While women have made strides in the workplace, there is more to do. "Even today, women tend to have more insecurities than men," says Totenberg. "Look at the studies. Men are much more inclined to ask for pay raises while women are likelier to not ask for enough money in salary negotiations."
Her friendship with Ruth
"Friendship is a gift you have to appreciate," says Totenberg. "You are very lucky when you are the beneficiary of a friendship where you love one another, and I had that with Ruth."
In September 2020, after Ginsburg passed away at the age of 87, Totenberg wrote an obituary for NPR that discussed their 48-year friendship. After the piece was published, there was some criticism from members of the media who felt that Totenberg should have disclosed just how close the two were earlier, citing a conflict of interest.
Totenberg says, "I knew Ruth for the majority of my life. Our friendship was not a secret. Just because we were friends does not mean I could not do my job."
In the book, Totenberg writes that her first remarkable conversation with Ginsburg was in 1971 regarding her argument in the Reed v. Reed case.

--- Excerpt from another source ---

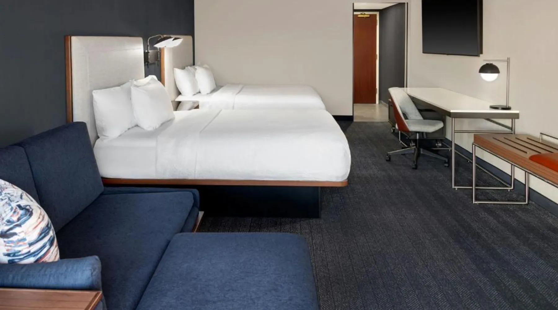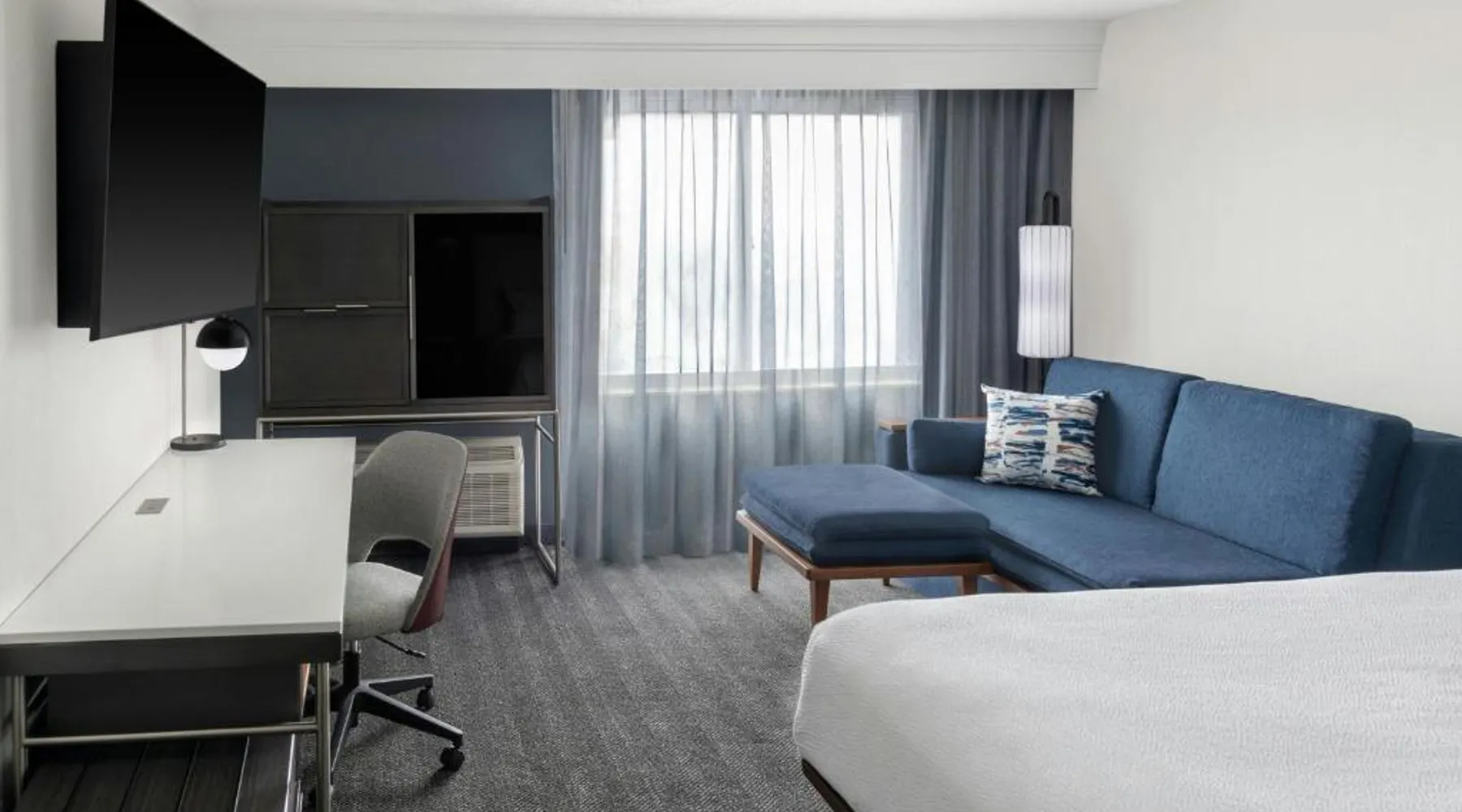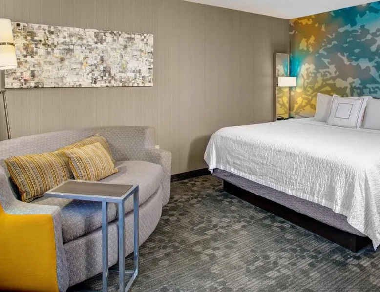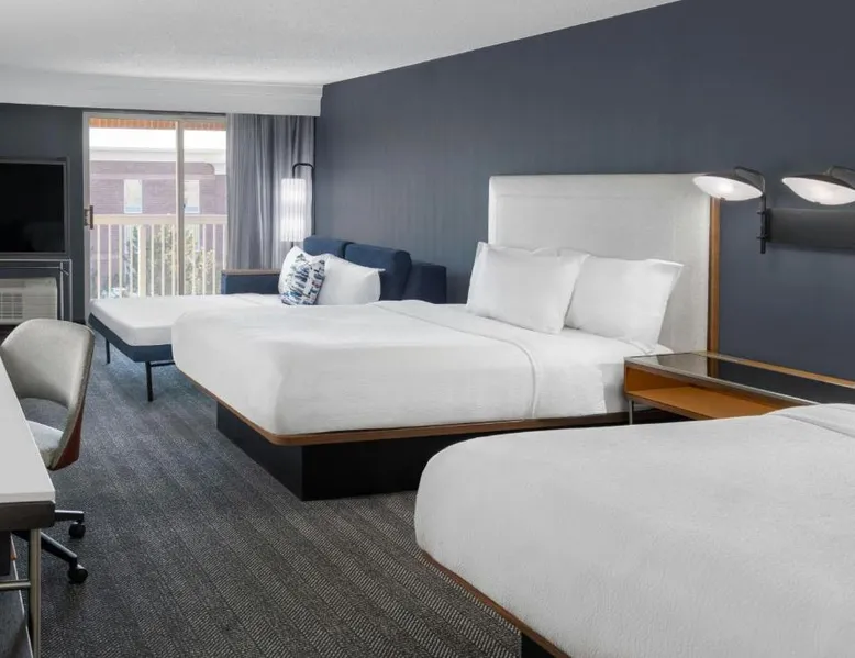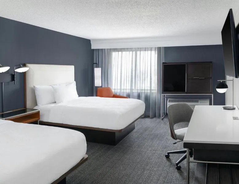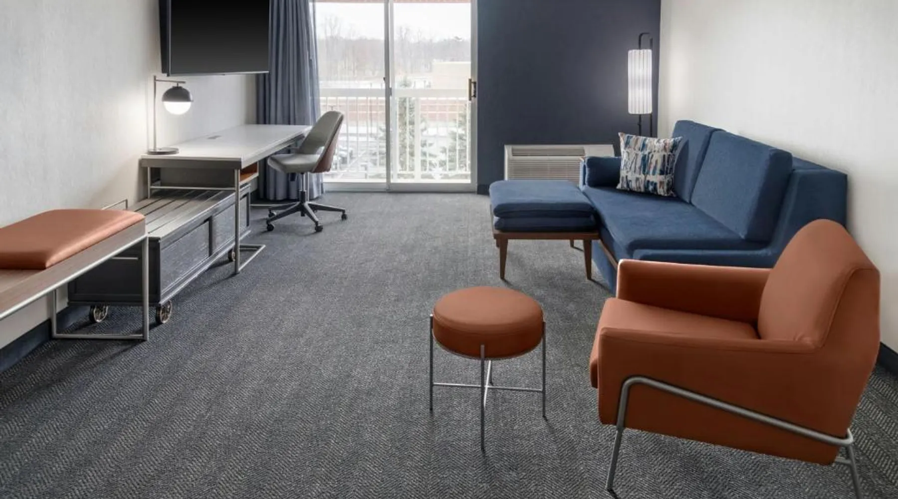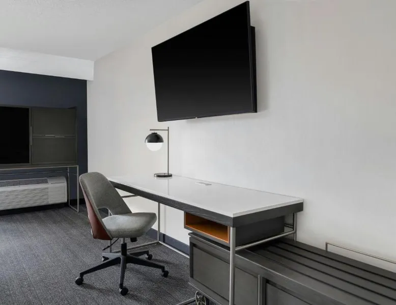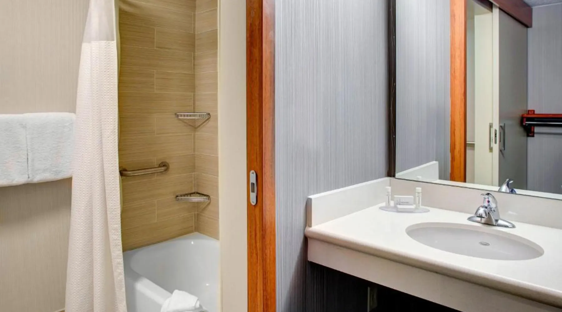 Comfortable Accommodations: Courtyard Cleveland Airport South in Middleburg Heights offers air-conditioned rooms with private bathrooms, hairdryers, work desks, and seating areas. Each room includes a bath or shower. Essential Facilities: Guests enjoy free WiFi, a restaurant serving dinner, and a elevator. The hotel provides a 24-hour front desk and free on-site parking. Convenient Location: Located 3.1 mi from Cleveland Hopkins International Airport, the hotel is near attractions such as I-X Center (3.7 mi) and Beera Union Depot (2.5 mi). This room has a desk and a coffee machine.

The first time they finally met in person was at a legal conference in New York City. She doesn't know if they planned to meet there or if it was an accident. She writes, "For years, we could not agree on the topic of the conference ... or if it was held at Columbia University or NYU." What she does remember is that the conference was "unbelievably boring" and that the two hopped in a taxi and went shopping.
Of Ginsburg's nomination to the Supreme Court, Totenberg writes, "I had no role to play except as a reporter. It would be inappropriate to celebrate the moment with her or advise her in any way."

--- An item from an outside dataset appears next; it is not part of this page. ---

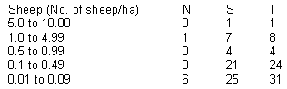Table 3C shows the Density of sheep in National Parks/Sanctuaries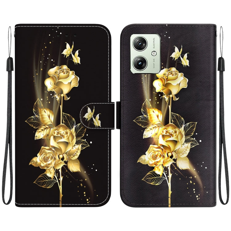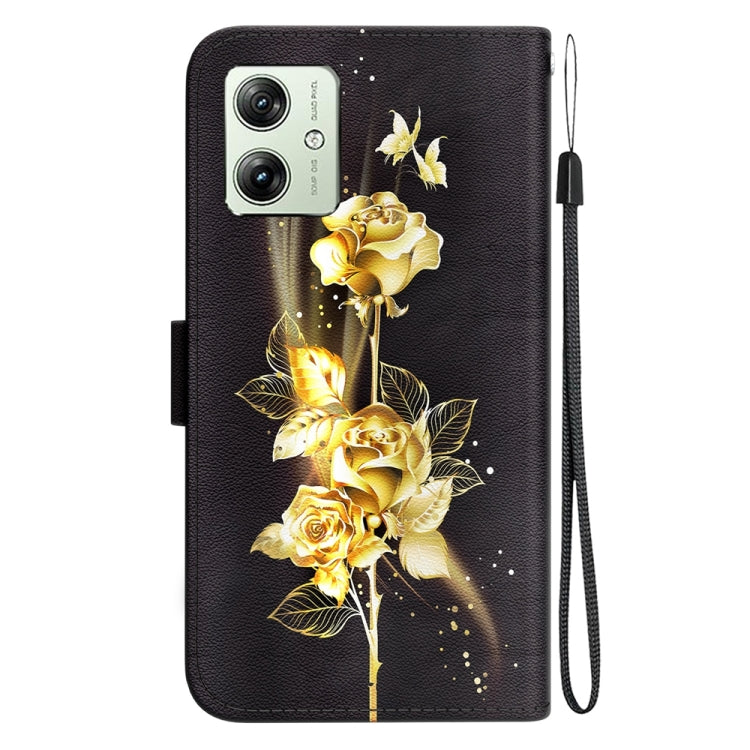 Funda de Cuero para Motorola Moto G54 con Dibujo Coloreado y Textura de Cristal (Mariposa Dorada Rosa)

Adds Totenberg in the interview, "Ruth and I both had our professional lines that we never crossed. We didn't have to divorce ourselves from one another to do our jobs."
Sharing details with a trusted girlfriend
After 15 years of marriage to her first husband, Sen. Floyd Haskell, Totenberg became a widow. Only 54 at the time, Totenberg writes, "I knew I did not want to be alone for the rest of my life. But wanting and having were two very different things."

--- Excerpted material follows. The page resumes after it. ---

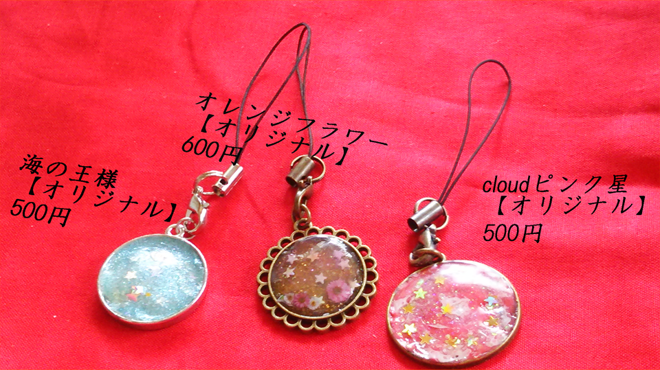 海の王様 500円、オレンジフラワー 600円、cloudピンク星 500円

Totenberg met Dr. David Reines at a concert in Boston. He was recently widowed, too. When the two started dating, Totenberg told Ginsburg that she had met someone. Totenberg writes, "She (Ruth) looked at me very intently and said, 'Details. I want details.'"
In 2000, Reines and Totenberg got married. Ginsburg presided over the wedding. Totenberg writes, "A little-known fact about Ruth is how much she loved to perform weddings."
Of that day, Totenberg writes, "I can honestly say I was never at a more joyous wedding. It was particularly joyous because we had both survived such difficult, long losses, and then we had somehow found each other."
Advice for the next generation
In "Dinners With Ruth," Totenberg writes that when Ginsburg sat at their dinner table, she never raised her voice, yet she turned out to have one of the strongest voices in the room.
Totenberg says now, "My best advice is to pick your battles. Ask yourself, 'Is this a hill you want to die on?' If it's a good fight to have, then fight it. If not, move on."
As for how she thinks Ginsburg would feel about the overturning of Roe v. Wade, Totenberg prefers not to speak for her late friend. Instead, she says, "Regardless of my personal opinion, I believe the decision deserves to be treated with analytical respect."
She continues, "Many younger reporters think our job as journalists is to 'mold' people's opinions. But really, our role is to give people the facts and a diversity of opinions so that the public can figure it out for themselves."
Not retiring yet
Over the years, the media landscape that Totenberg first encountered has seen great change.
"When I started at NPR, it was mainly radio. Today, with all the different platforms, I have to write several different versions of a story, so it's very labor-intensive and news moves quickly. So I have to cover just one beat and don't get to report on as wide a range of stories," she says.
Retirement isn't in the near future for Totenberg. She explains, "Maybe I'll ask for more vacation time, but I have no desire to slow down. I love what I do. I love reporting."